═════ Dataset excerpts ═════
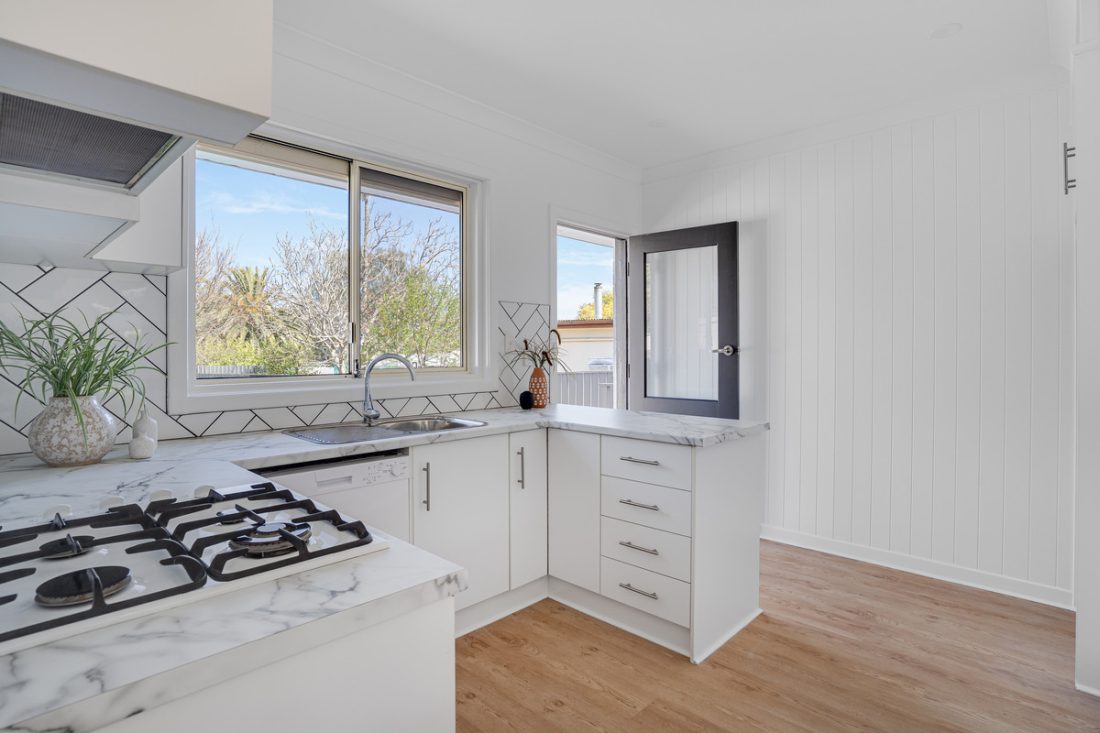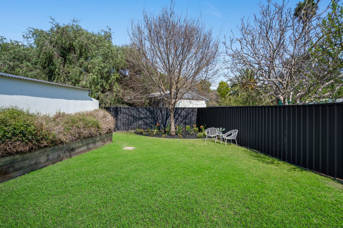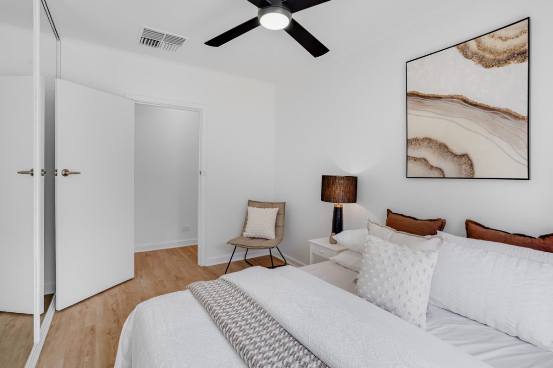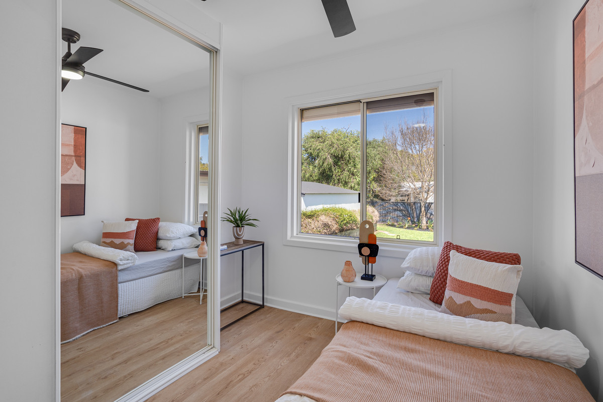 The generous master suite offers uninterrupted views of the charming streetscape, along with a large built-in robe and a stylish black ceiling fan. Two additional bedrooms continue the hybrid flooring, also equipped with built in robes for all your storage needs. Each featuring black ceiling fans and wide windows that flood the rooms with natural light.
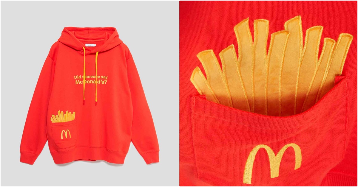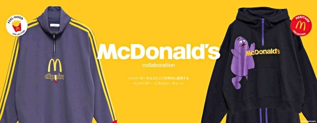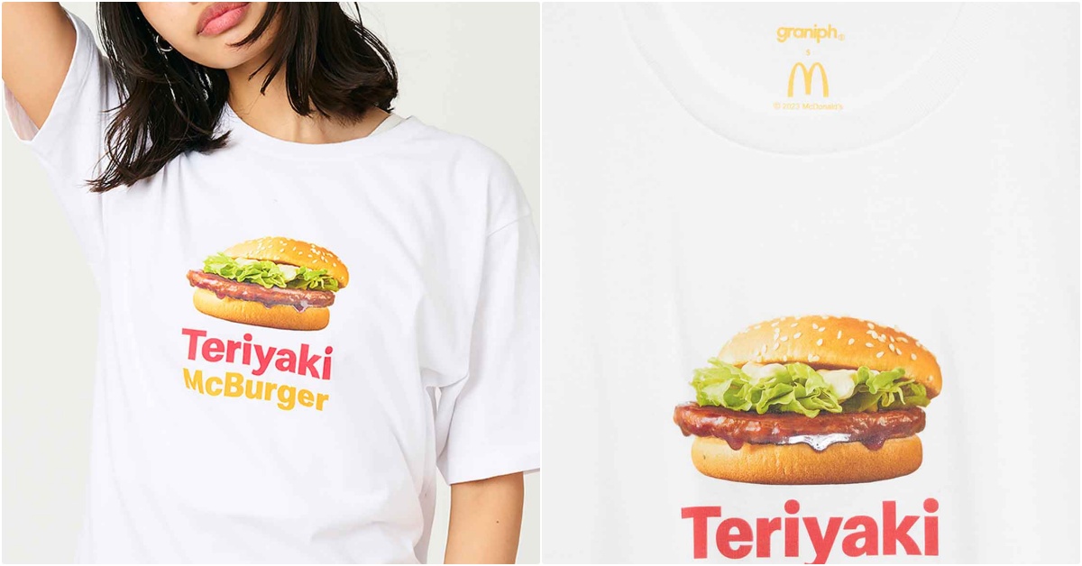 另一件大紅色連帽上衣,其實是來自「裝薯條的紅色紙盒」的選色靈感,整盒薯條也真的還原成「立體口袋」,同時幽默印上「Did someone say McDonald's?」標語,想配漢堡也可以!聯名白TEE上裝飾著整份日本限定的照燒漢堡,看著看著忍不住餓了…
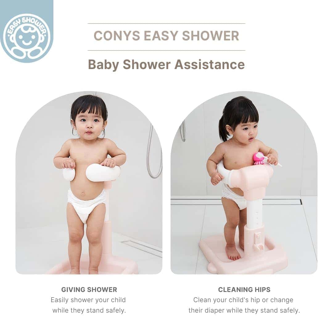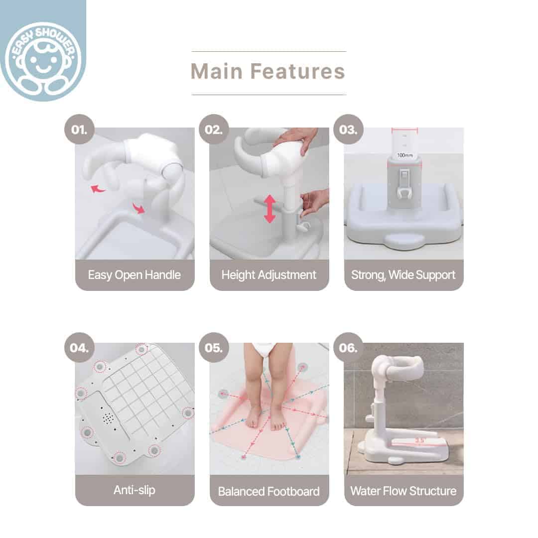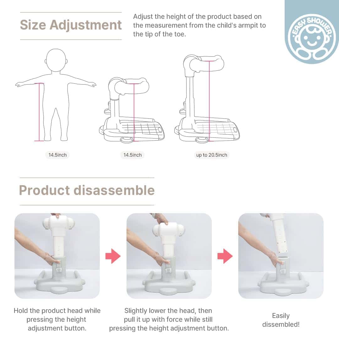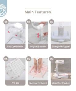 2. Ajustable para el Crecimiento: Diseñado para crecer con tu bebé, este soporte de ducha para bebé se ajusta suavemente para edades de 7 a 24 meses, asegurando comodidad y seguridad con su diseño sin pellizcos.
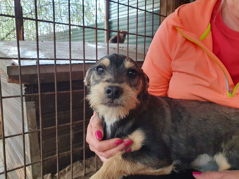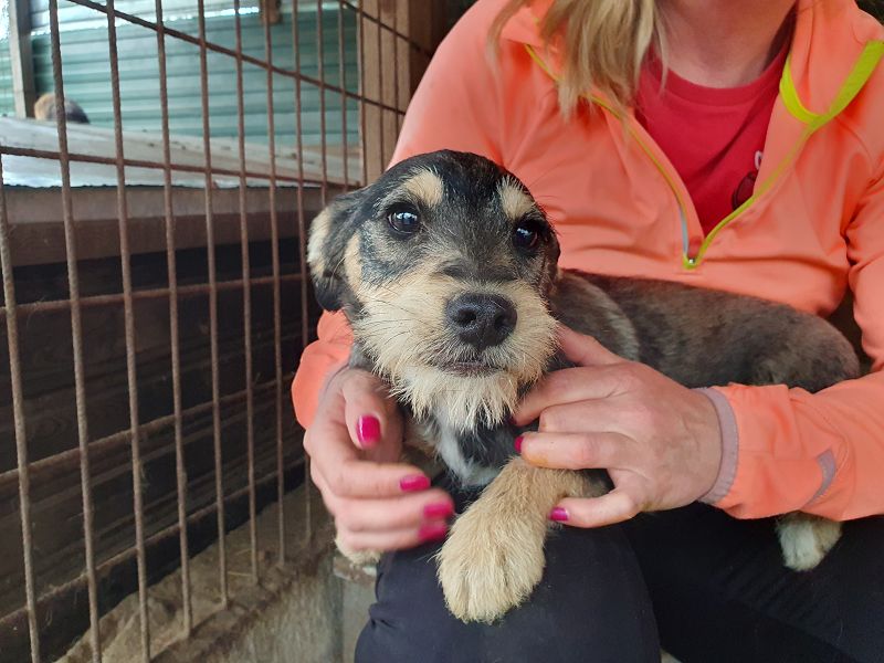 Tinta das süße Zwergschnauzer-Mix-Mädchen lag beim Besuch im April ’25 mit etlichen anderen Junghunden hinter der Hütte ihres Zwingers. Am liebsten wäre sie wahrscheinlich einfach da liegen geblieben, aber das konnten wir nicht zulassen, denn die kleine Maus hat eine Menge Potenzial zum Traumhund. Mit großen Augen und noch größeren Fragezeichen im Kopf schautes Motte uns an, ließ sich aber problemlos hochnehmen. Kein Strampeln, kein Knurren, einfach stillhalten und schauen, was da wohl jetzt passiert. Das zeigt uns: Auch wenn sie die Nähe von Menschen vielleicht noch nicht kennt, bringt sie alles mit, um sich zu einer tollen Begleiterin zu entwickeln.
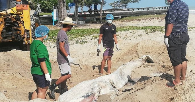 จนท.ศูนย์วิจัยฯ ชายฝั่งอ่าวไทยตอนล่าง พิสูจน์ซากวาฬ 2 ตัว เกยหาดสมิหลา คาดสาเหตุเจ็บป่วยและถูกคลื่นซัดเข้าฝั่ง
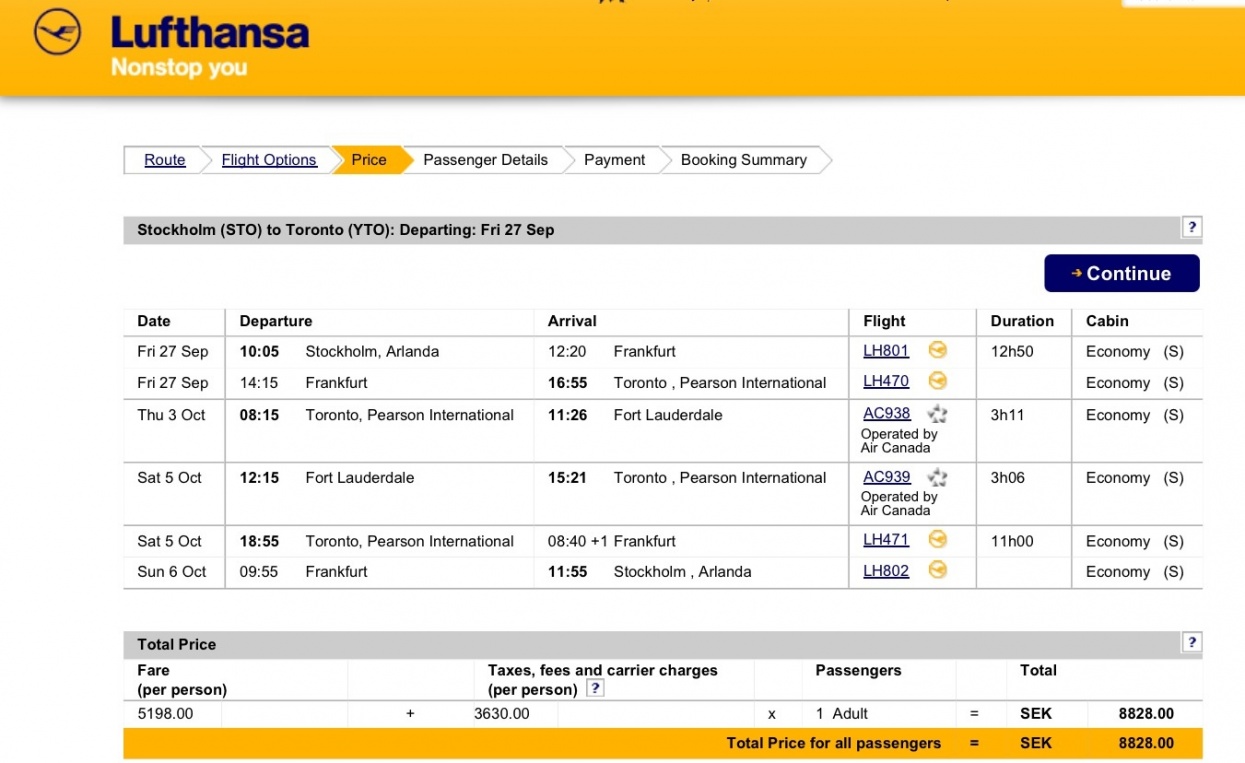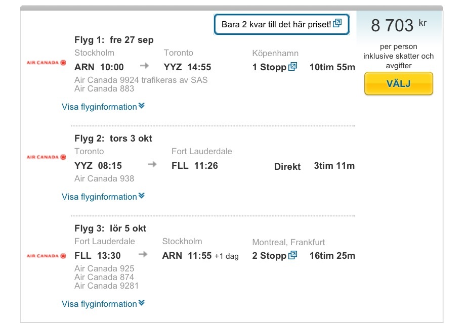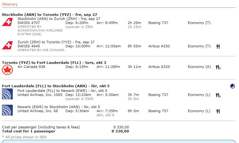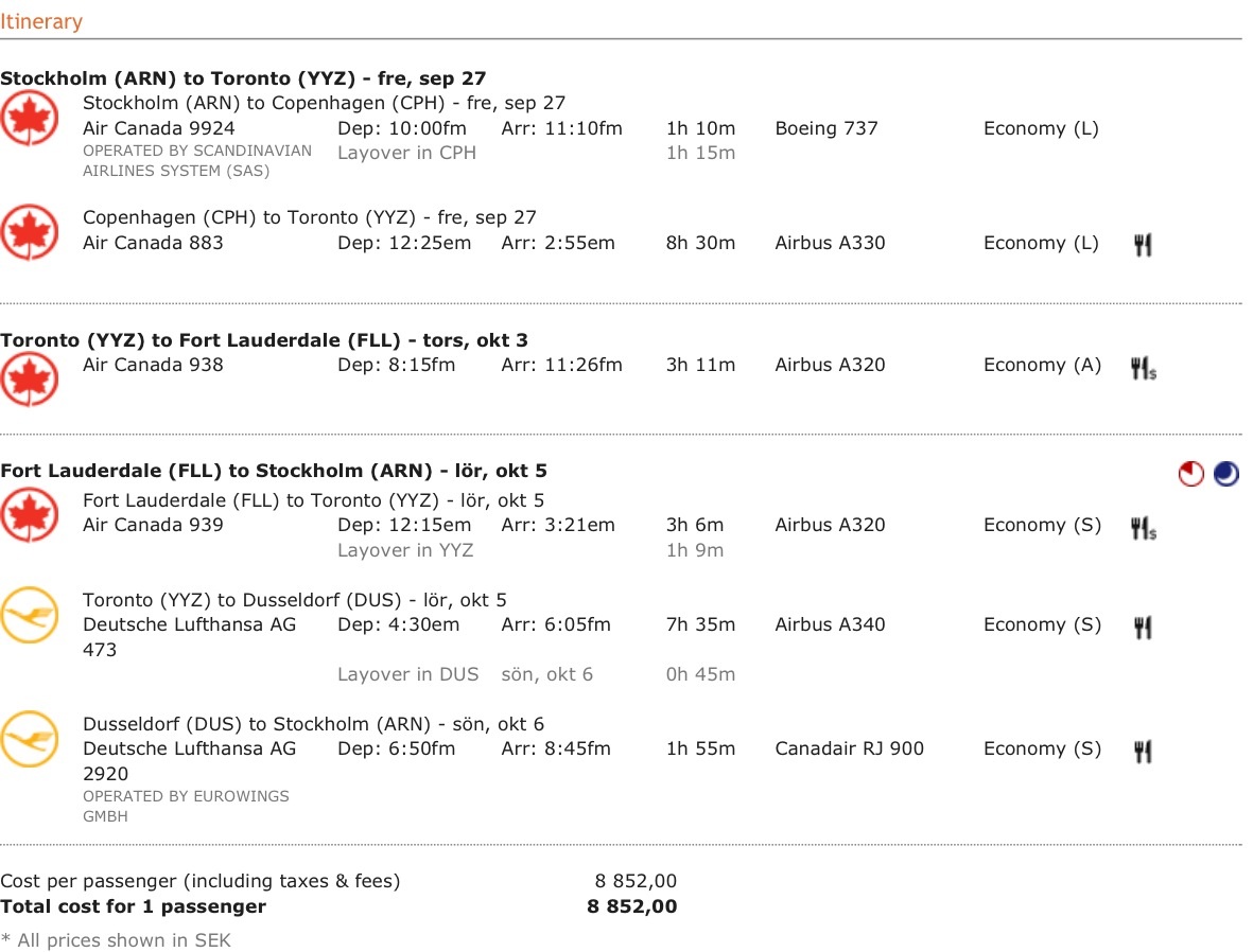 Varifrån vill du börja din resa?ARN Var är din destination?YZZ och FLL När vill/behöver du resa ut?från ARN 27/9, från YYZ 3/10 När vill/behöver du komma hem?6/10 Hur länge vill du vara borta? Hur många personer som skall resa?2 I vilken kabinklass?Eco Med vilka flygbolag vill du flyga med?gärna Star Alliance (EBG) Vad är din budget?10-12 Vad är det viktigaste för dig?undvika USA på utresan Vill du stanna annanstans utöver destinationen?
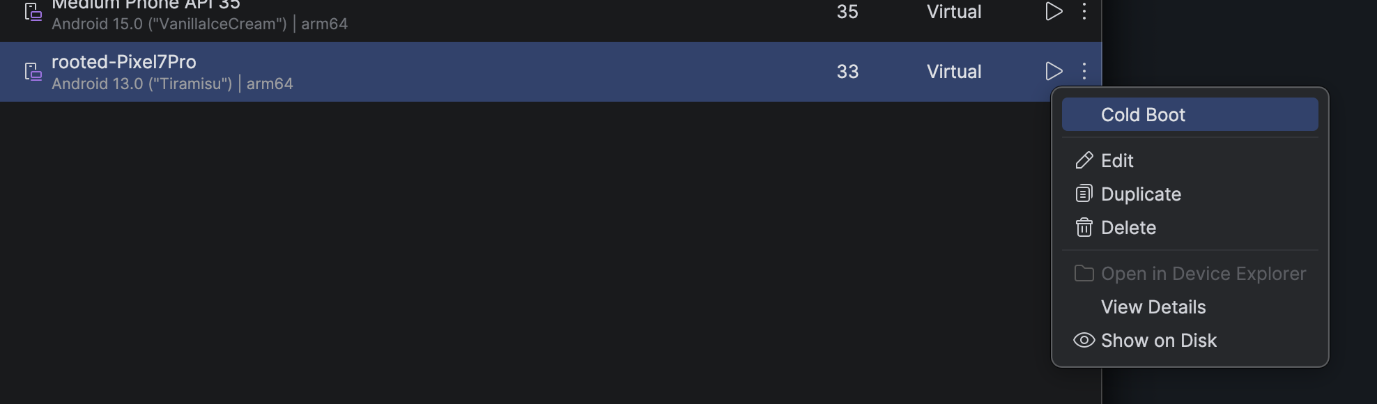 재생버튼 옆 더보기 메뉴를 누른 뒤, Cold Boot를 클릭합니다. (Quick Boot를 사용하지 않을 때 사용합니다.)
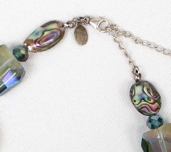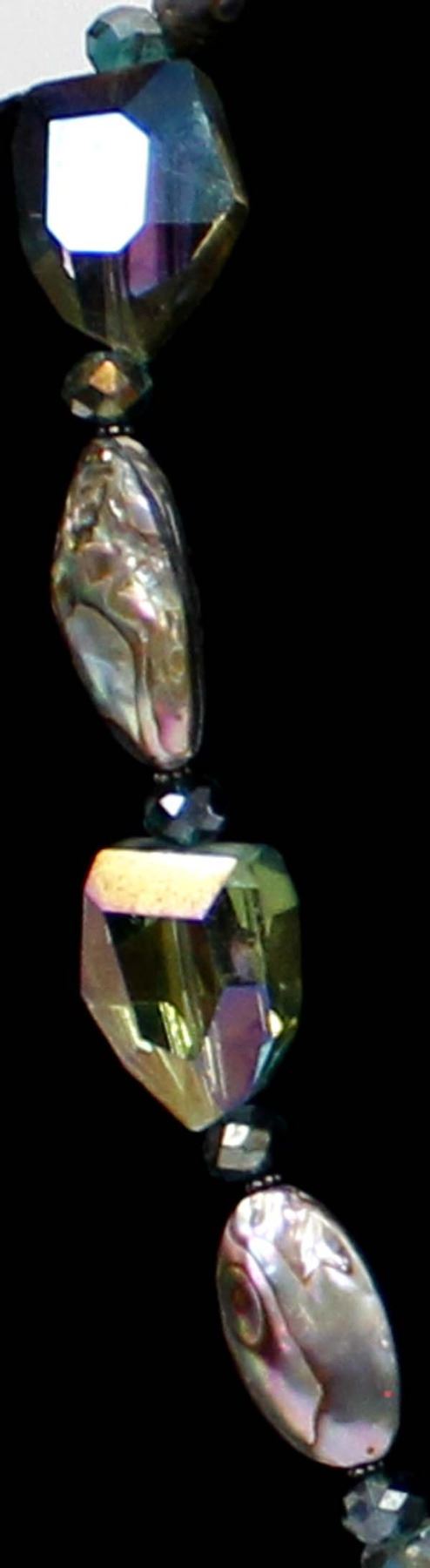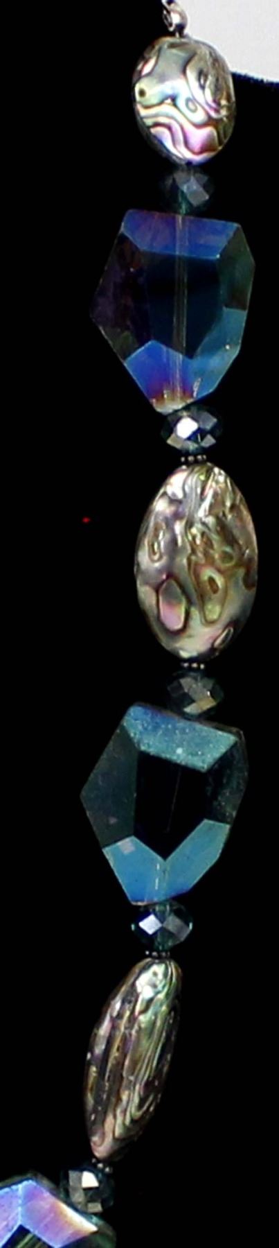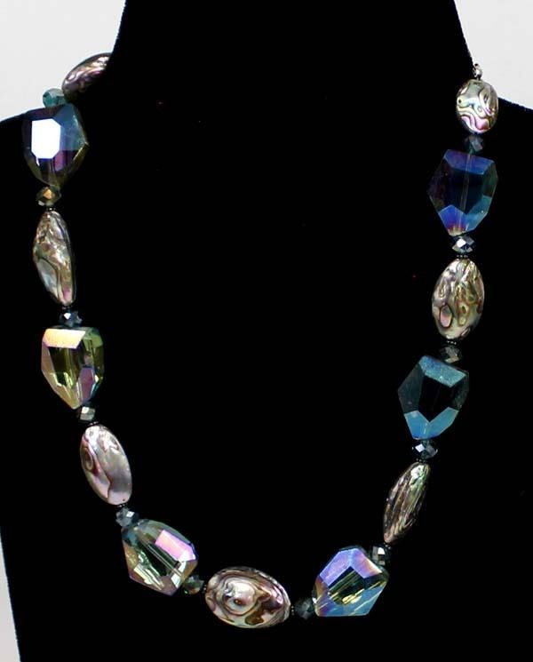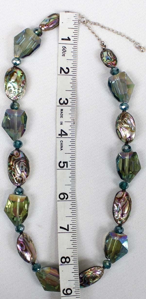 Faceted Iridescent Bead and Abalone Bead Necklace, measures 20''L end to end, adjustable length
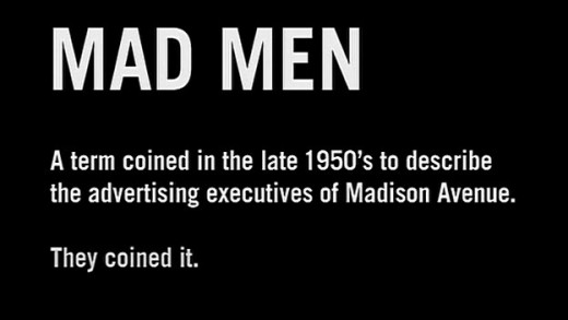 « MAD MEN : Terme inventé à la fin des années 50 pour décrire les publicitaires occupant des bureaux sur la Madison Avenue. Ce sont eux qui l’ont inventé. »
═════
Task description — Each line from the start of the entries to the line holding "2. Ajustable para" is to be given again exactly, both ends included, and each picture is to be left out.

Output of the task —
 The generous master suite offers uninterrupted views of the charming streetscape, along with a large built-in robe and a stylish black ceiling fan. Two additional bedrooms continue the hybrid flooring, also equipped with built in robes for all your storage needs. Each featuring black ceiling fans and wide windows that flood the rooms with natural light.
 另一件大紅色連帽上衣,其實是來自「裝薯條的紅色紙盒」的選色靈感,整盒薯條也真的還原成「立體口袋」,同時幽默印上「Did someone say McDonald's?」標語,想配漢堡也可以!聯名白TEE上裝飾著整份日本限定的照燒漢堡,看著看著忍不住餓了…
 2. Ajustable para el Crecimiento: Diseñado para crecer con tu bebé, este soporte de ducha para bebé se ajusta suavemente para edades de 7 a 24 meses, asegurando comodidad y seguridad con su diseño sin pellizcos.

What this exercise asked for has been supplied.